Luis Armstrong in 1965 in Lucerna | Photo: Czech Television
The only video of the show on YouTube appears to be a Czech TV clip of So Long Dearie, beneath which one user has cutely written: “I was there 47 years ago present there on this concert at Lucerna Prague. It was exceptional event.” I don’t doubt it for a second, Vladao6761.

Armstrong was here for an entire week and it has to have been a gigantic deal to have such a much-loved megastar and musical originator in town. This was after the darkest period of Communist rule, though the Prague Spring was still a few years into the future.

Jiří Suchý,  photo: YouTube
Two local stars – Jiřís Suchý and Šlitr, of the Semafor musical theatre – opened the show, with a long introduction touching on Satchmo’s beginnings in reform school and the chances of their ending up in one. Humorous as it was, heaven knows what the great man made of it, if it was translated for him.
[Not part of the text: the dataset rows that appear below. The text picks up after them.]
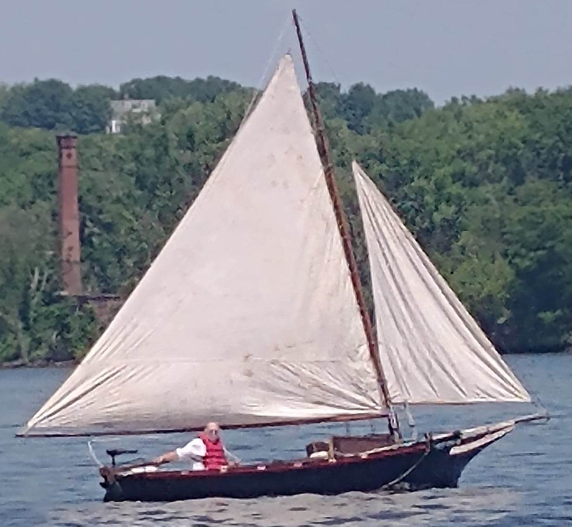 I found the boat to be a bit tender, and I once flipped it over. The sails in question (see above) were from Dabbler Sails. Stuart Hopkins, now deceased, was owner of the loft on the Eastern Shore of the Chesapeake. I was going to use Dacron, but Stuart said he had a set of cotton sails from an old skipjack and wondered if the cotton would be more appropriate for a boat of that vintage. I agreed, and he donated them for just the cost of shipping. They were heavier, but they did look the part of an original pirate.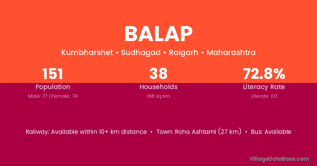 Roha Ashtami (27 km) is the nearest town to Balap village for major economic activities and is located approximately 27 km away.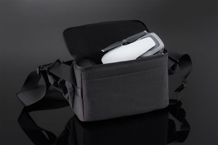 Оригинальная сумка для переноски комплекта DJI Mavic Air. В эту сумку помещается 1 коптер DJI Mavic Air, 3 аккумулятора, смартфон, хаб для зарядки, зарядное устройство и мелкие аксессуары, такие как кабели, USB адаптер.

The most charming moment of the show comes at the very end, when Louis Armstrong thanks the people of Prague for their hospitality and praises the city’s jazz clubs. Prague, he says, in that amazing, rich speaking voice, will remain in the band's hearts for as long as they live.

Lubomír Dorůžka,  photo: Tomáš Vodňanský / Archive of ČRo
The extended Czech Radio recording also captures the subsequent interpretation of Armstrong’s words by his unofficial guide, Lubomír Dorůžka. Today Mr. Dorůžka is almost 89 and is regarded as the doyen of jazz writing in this country. His son Petr had a regular music show here on Radio Prague for several years and the similarity between his dad’s voice in 1965 and Petr’s today is uncanny.
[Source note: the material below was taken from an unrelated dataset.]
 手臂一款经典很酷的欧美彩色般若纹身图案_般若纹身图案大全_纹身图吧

Speaking of similar voices, I was struck by a familiar sound when I was walking across Old Town Square the other day and came upon a small Dixieland band entertaining tourists.

Petr Dorůžka,  photo: Archive of ČRo 7
Their singer was doing a full-on imitation of Satchmo’s distinctive gruff vocal style. But in Czech. It was kind of terrible but made me smile. And it crossed my mind that – albeit in a small and bizarre way – Louis Armstrong is still in Prague.